After World War II ended, the Znaimers went to Poland, then West Berlin, then a Displaced Persons Camp in Hessisch Lichtenau, Germany, before finally arriving in Halifax, Nova Scotia, Canada, as refugees, in 1948. Shortly thereafter, they settled in Montreal, and eventually the young Moishe went to Toronto. This nomadic existence allowed him to be able to eruditely argue in four languages: Russian, Hebrew, French, and English. As an undergrad, he even served as president of McGill University’s Debating Union, and changed his official name from Moishe to Moses.
Znaimer documented his parents’ daring escape from the Nazis in the book Passages: Welcome Home to Canada (Doubleday Canada, 2002) by Michael Ignatieff and Rudyard Griffiths.
In its 2010 edition, The Canadian Encyclopedia reported that “Znaimer developed a reputation as the ‘bad boy of Canadian television’ due to his aggressive pursuits of opportunities, as well as his ‘aggressive sexuality,’ which the Toronto Star referred to in a 2009 [article] as his ‘most vivid personality tic.’ He is known for his tight control of his image in the media, and the way he crafts an enigmatic persona through the numerous contradictions in his work and life.”
However, the Encyclopedia continued, in 2006, “in recognition of Znaimer’s contribution to the Canadian media landscape, the City of Toronto designated the area around Citytv [the TV station that he founded] at 299 Queen Street West as Moses Znaimer Way.” The street sign wasn’t actually erected until 2008. (There is also a Marshal McLuhan Way on nearby St. Joseph Street, to honor the acclaimed Canadian media philosopher.)
For this report, VideoAge contacted three of Znaimer’s former associates, each of whom declined to explain the “challenging” relationship they had with him, while a fourth one, a 25-year veteran of Citytv, answered: “He would very quickly get frustrated by the failure of others to see and execute his vision. He got frustrated when it took an idea of his a long time to roll out. He was prepared to be wrong, but his ideas and concepts were usually very well thought through, so it would take a very solid set of arguments to move him from a position. And… he was usually right.”
Znaimer’s interest in television first manifested at age 13 when he became a naturalized Canadian citizen and used C$200 of his bar mitzvah money to buy his family a 1955 Admiral TV set. This was just three years after the inauguration of television services by the state-owned CBC. That must have left a lasting impression on him, since in 1992, 37 years after that first TV set, he founded the Moses Znaimer TV (MZTV) Museum, which has a large collection of TV cameras and TV sets dating from the early days of television that he began collecting in the 1980s and originally kept in the Citytv building.
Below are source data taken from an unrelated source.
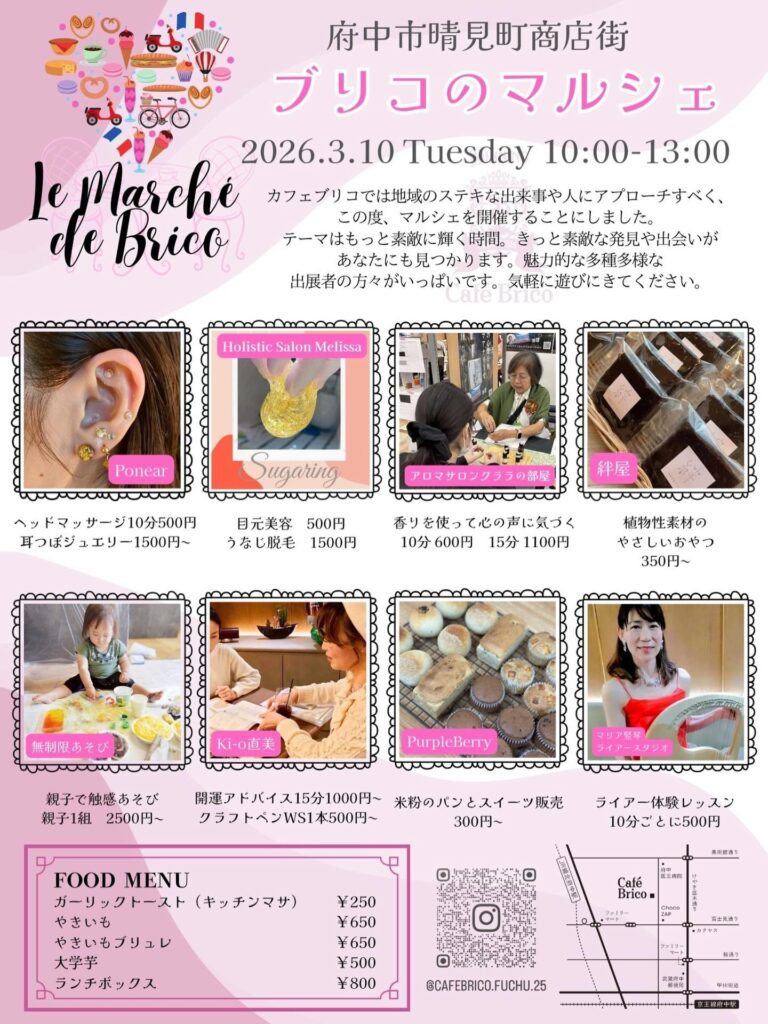 3/10(火)Café Bricoでブリコのマルシェ ちいさなときめきが集まります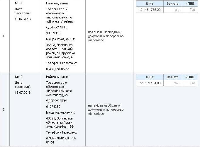 Згідно з результатами конкурсних торгів, будівельні роботи за 21 мільйон 451 тисячу гривень виконає Товариство з обмеженою відповідальністю «Шинака-Україна».
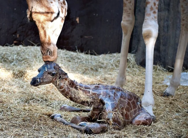 Пологи у жирафів відбуваються стоячи. Коли теля родиться, він падає з висоти близько двох метрів, ударяючись об землю. Це виглядає жорстко, але саме цей удар допомагає розірвати пуповину та стимулювати перше дихання. Як ляпанець по попці немовляти.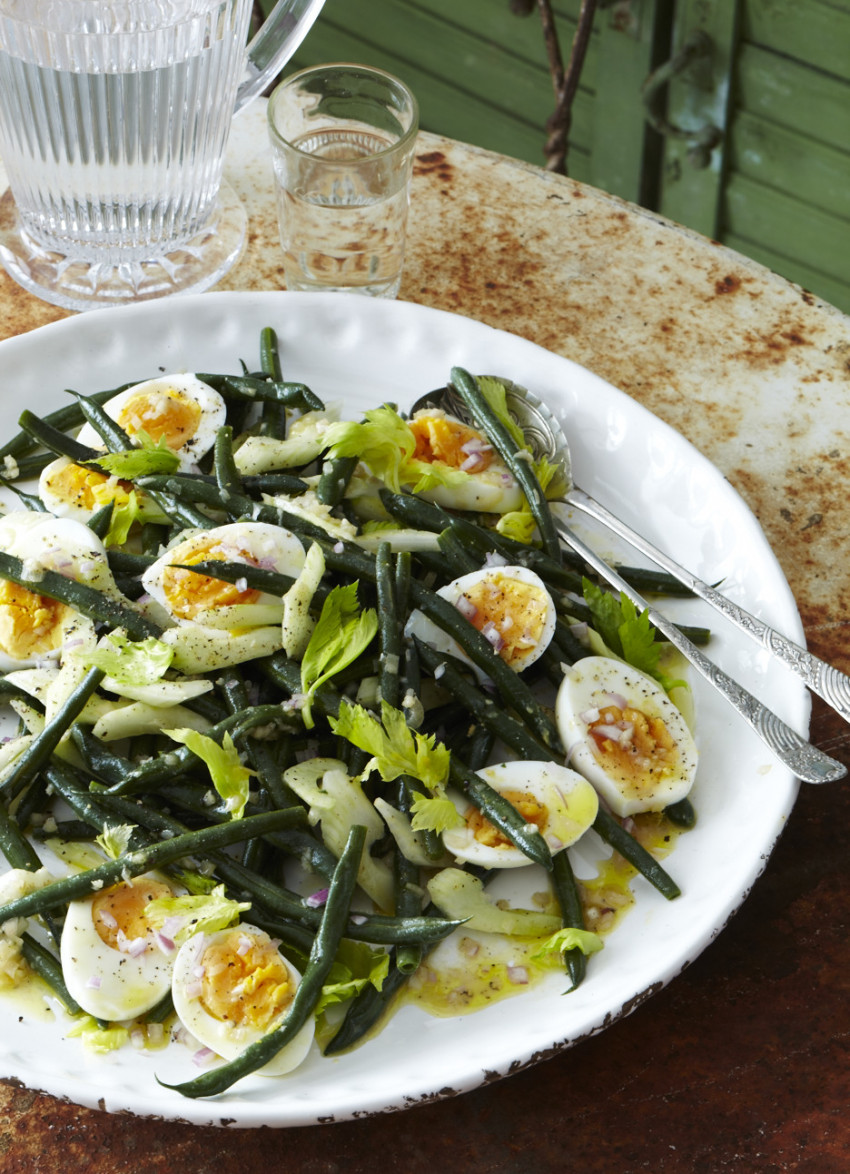 To serve: Toss the beans, celery and the tender leaves with the dressing then lift out and transfer to a serving platter. Slice each egg into 3 and tuck into the beans.

That particular Admiral TV set is not at the museum, but “there are other Admiral models in the collection, mostly from the 1940s,” he said.
Considering that this journalist wrote a book on the history of television in 1975, he quickly accepted an invitation from Znaimer to visit the MZTV Museum’s opening reception, which was held during a blizzard in December 1995 at the Royal Ontario Museum in Toronto. This reporter was also on hand in February 2014 when the museum relocated to the Liberty Village in Toronto, the same site as Znaimer’s new company, ZoomerMedia Group. Included amongst the rare artifacts were inventions by such scientists as Charles Jenkins, John Baird, Vladimir Zworykin, Lee de Forest, Boris Rosing, and Allen B. DuMont, among others. (Zworykin was one of the inventors this reporter had an opportunity to interview.)
The very first time this reporter encountered Znaimer was in 1990 during a conference in the Blue Mountains of Australia, west of Sydney. It started out rather unpleasantly as Znaimer was seated behind him and nervously kicking his chair’s legs. However, when Znaimer went up to the podium to make a presentation, this journalist quickly became a “Znaimerista,” as his followers are called, as the presentation — about innovative forms of television — was mesmerizingly funny. A feature story followed in the October 1991 issue of VideoAge after a visit to his station. However, the amusing tone of the article was not appreciated by Znaimer for whom amusement is a serious business.
Not that writing about Znaimer is easy. A Google search produced 49,400 results and it is this abundance of information about him that makes the writing harder, as there are so many discrepancies and distortions out there and it’s hard to sort them all out.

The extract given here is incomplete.